1. A microbial fuel cell coupling system for industrial wastewater treatment and energy regeneration, characterized in that: The system comprises: Wastewater treatment and energy conversion module: This module directs industrial wastewater into the microbial fuel cell, where it is metabolized by the microbial community in the anode chamber to efficiently decompose organic matter, simultaneously releasing electrons and generating bioelectricity. The cathode chamber then undergoes redox reactions to generate a stable current output, producing qualified purified water and recovering clean energy. Intelligent parameter control module: including microbial activity control unit, electrolyte concentration control unit, oxygen concentration control unit, water flow rate control unit, temperature control unit, pH adjustment unit and substrate concentration control unit, dynamically adjusting the operating parameters of each unit through the MLP model; Dynamic monitoring feedback module: equipped with a high-precision sensor array and IoT transmission device, it collects real-time data in the fuel cell, including but not limited to biofilm activity, ion migration rate, dissolved oxygen gradient, hydraulic retention time, reaction temperature field, pH fluctuation curve and organic load distribution parameters. It uses the MLP model to provide a predictive control strategy for the system, and forms a closed-loop optimization through the energy-matter-information three-flow coupling mechanism.

2. The microbial fuel cell coupling system for industrial wastewater treatment and energy regeneration according to claim 1, characterized in that: The wastewater treatment and energy conversion module includes: passing the wastewater through a screen to remove larger solid impurities, flowing it into a grit chamber to allow the sand to settle, and then balancing the water quality, water volume and pH value of the wastewater in a regulating tank to ensure the stability of various indicators of the wastewater; the pretreated wastewater enters the microbial fuel cell module, where, under the action of microbial metabolism, organic matter in the wastewater is converted into electrical energy, and purified water is simultaneously produced and discharged, realizing wastewater treatment and energy recovery.

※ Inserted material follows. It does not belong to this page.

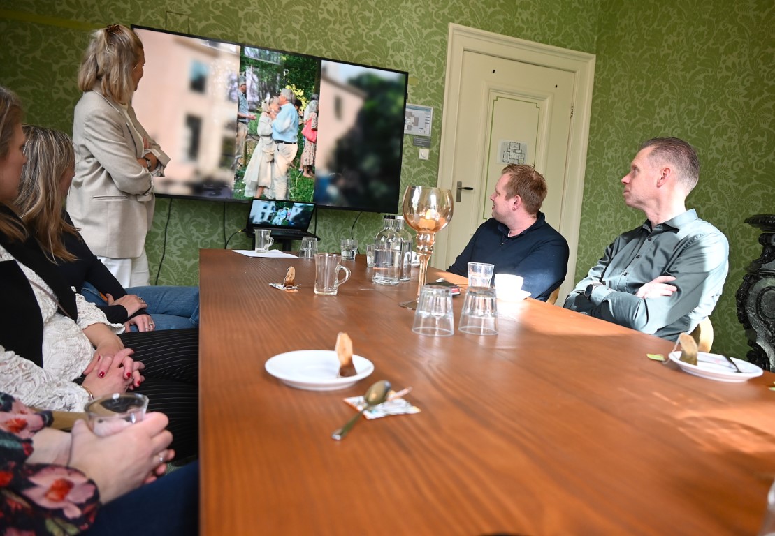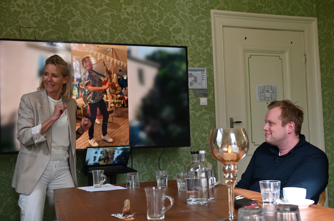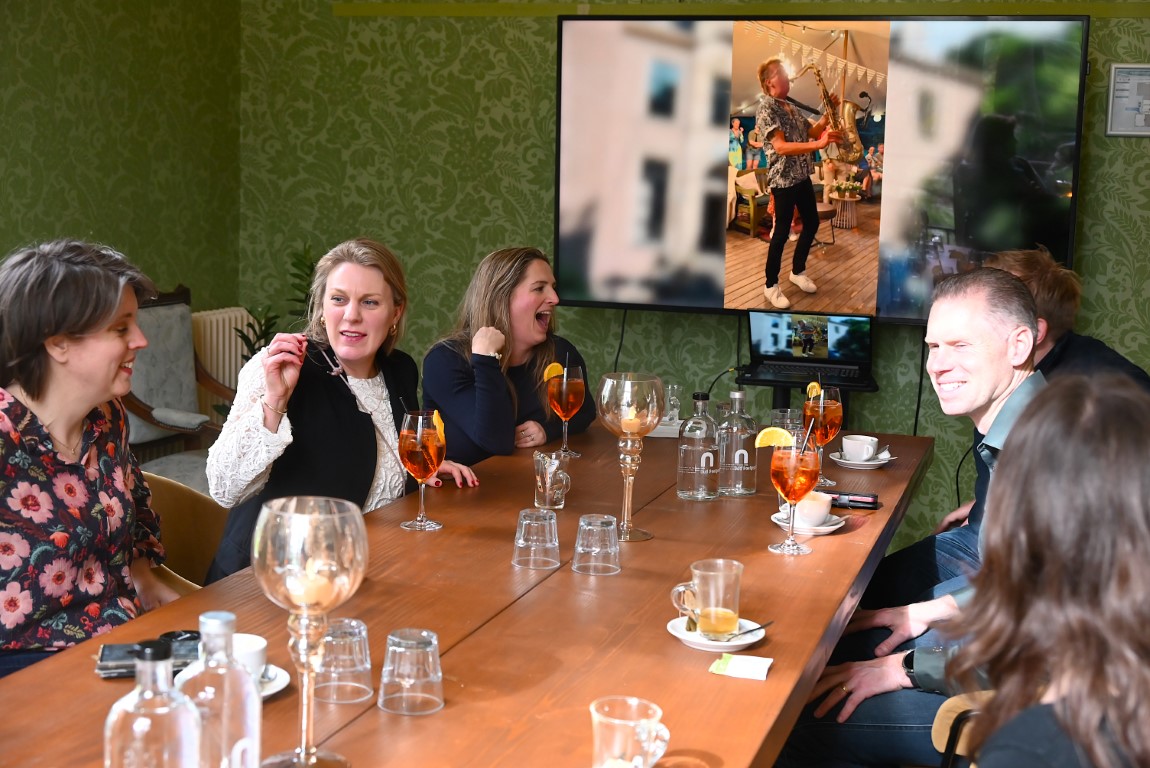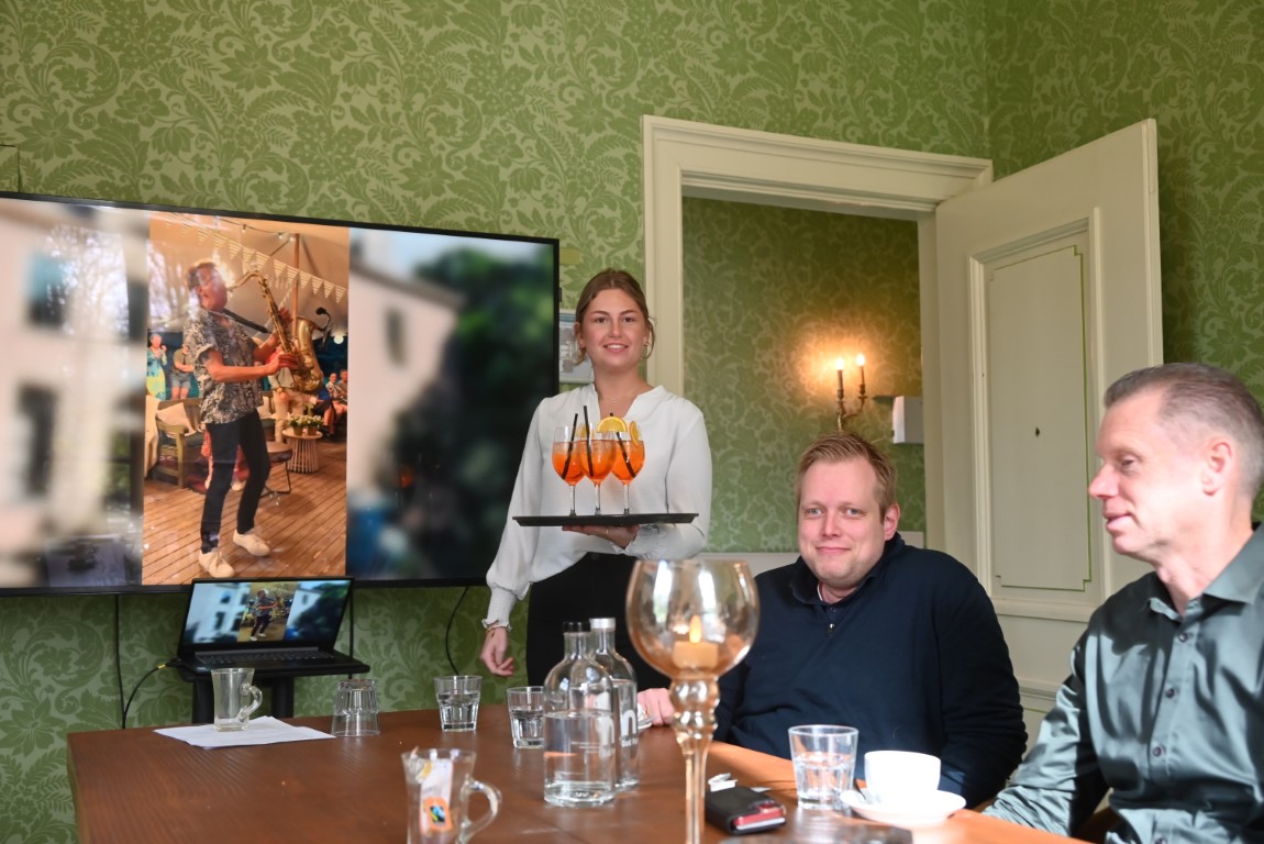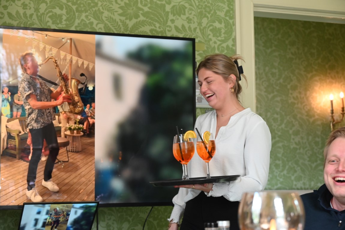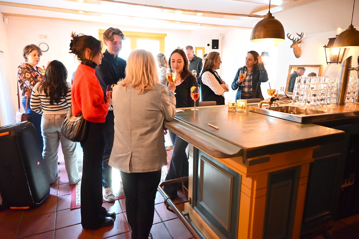 Na het maken van een groepsfoto op de trappen van het Kasteel werd in de kasteelbar geproost op een zonnige Midsummer Night 2026.

3. The microbial fuel cell coupled system for industrial wastewater treatment and energy regeneration according to claim 1, characterized in that: In the wastewater treatment and energy conversion module, the microbial fuel cell uses microorganisms as anode catalysts to convert chemical energy in the wastewater into electrical energy. In the anode chamber, the microorganisms oxidize and decompose organic matter in the wastewater into small molecules and release electrons. Electrons are transferred to the anode through the cell membrane and then to the cathode along the external circuit, forming an electric current. The electrons transferred to the cathode react with electron acceptors to generate non-polluting products. Anions in the solution transfer to the anode, and cations transfer to the cathode; the treated purified water is output, and the generated electrical energy is stored or supplied.

4. The microbial fuel cell coupling system for industrial wastewater treatment and energy regeneration according to claim 1, characterized in that: The intelligent parameter control module and the microbial activity control unit regulate the living environment of microorganisms, including providing nutrients, controlling the concentration of harmful substances, and enhancing the ability to decompose organic matter in wastewater; the temperature control unit regulates the temperature in the system according to the suitable living temperature range of microorganisms.

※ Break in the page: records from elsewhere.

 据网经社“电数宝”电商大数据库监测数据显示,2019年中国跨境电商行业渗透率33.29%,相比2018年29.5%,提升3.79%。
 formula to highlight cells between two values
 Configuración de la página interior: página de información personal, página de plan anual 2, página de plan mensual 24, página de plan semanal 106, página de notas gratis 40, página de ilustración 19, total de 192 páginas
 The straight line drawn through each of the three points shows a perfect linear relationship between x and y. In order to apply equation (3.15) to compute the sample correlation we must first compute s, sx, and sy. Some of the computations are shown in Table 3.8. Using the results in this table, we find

5. The microbial fuel cell coupled system for industrial wastewater treatment and energy regeneration according to claim 1, characterized in that: The dynamic monitoring feedback module collects key data, including the chemical oxygen demand of the wastewater, electricity generation, and microbial activity data, and transmits it to the intelligent parameter control module in real time. The intelligent parameter control module adjusts each control unit based on this data to achieve dynamic balance and collaborative work between modules.

6. The microbial fuel cell coupled system for industrial wastewater treatment and energy regeneration according to claim 1, characterized in that: The intelligent parameter control module uses the MLP model to control system operating parameters. The implementation process includes: (1) Obtain the electricity data generated by the treated wastewater, the wastewater quality data, and the operating status data of each module of the system from the wastewater treatment and energy conversion module, and preset the target amount of industrial wastewater treatment efficiency and electricity output; based on this data, calculate the adjustment direction and amplitude of each control unit in the parameter control module, and then perform preliminary regulation on the system operating parameters; (2) The MLP model is optimized using the Adam optimization algorithm. During the model training process, the training data is continuously monitored to analyze the impact of the current parameter adjustment on the model prediction accuracy and convergence speed. A gradient calculation model is established to evaluate the effectiveness of each parameter update. If the model performance is significantly improved after the update, the update strategy is strengthened. If the update effect is not good, the update strategy is recalculated based on the gradient information to optimize the weight parameters of each layer.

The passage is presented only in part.